Celebrities, athletes, and other wealthy people who would take a shine to the cash-first, mortgage-second strategy which are described are in luck, because lenders seem to be more readily approving so-called “super jumbo” loans, which can range between hundred of thousands and millions in the most extreme cases. A majority of the mega-mansions that lenders are springing for are located in the top real estate markets arround major cities in the world.
it was recently reported in recently that overall mortgage credit availability increased in much more to its highest level primarily due to a spike in jumbo mortgage offerings.
Driving the current activity is the recent dip in mortgage interest rates, which led to a flurry of refinances from borrowers with larger loans taken in early 2019; the average refinance loan size increased, a new survey recorded.
Mortgage experts had expected factors such as the ongoing strong job market and favorable demographics to help lift purchase activity this year, and the further decline in rates is providing another tailwind. Purchase applications were almost 10% higher than a year ago.

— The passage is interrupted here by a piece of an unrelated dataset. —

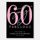Celebrate in style with this modern Fabulous Birthday Party Invitation, perfect for a “Sixty and Fabulous” theme or any milestone celebration. The design features a large pink “60” at the top with the word “sixty” written in elegant white script layered over it. Below, “fabulous” appears in bold white sans serif font for a clean, modern finish.

Richard Barenblatt, an independent mortgage broker with New York City-based Guardhill Financial Corp., said big banks are courting high-net-worth individuals for such jumbo loans because, for one thing, it’s a first step toward building valuable, long-term relationships with borrowers.
“What they’ll often say is, here’s our rate, but if you move $1 million, for example, to us (for a mortgage) we can take a quarter of a point off the (interest) rate, or half a point off the rate,”
And if other high-net-worth borrowers play their cards right and smartly manage their outside investments, this tendency of banks can work out to their advantage, too, Mr. Barenblatt said.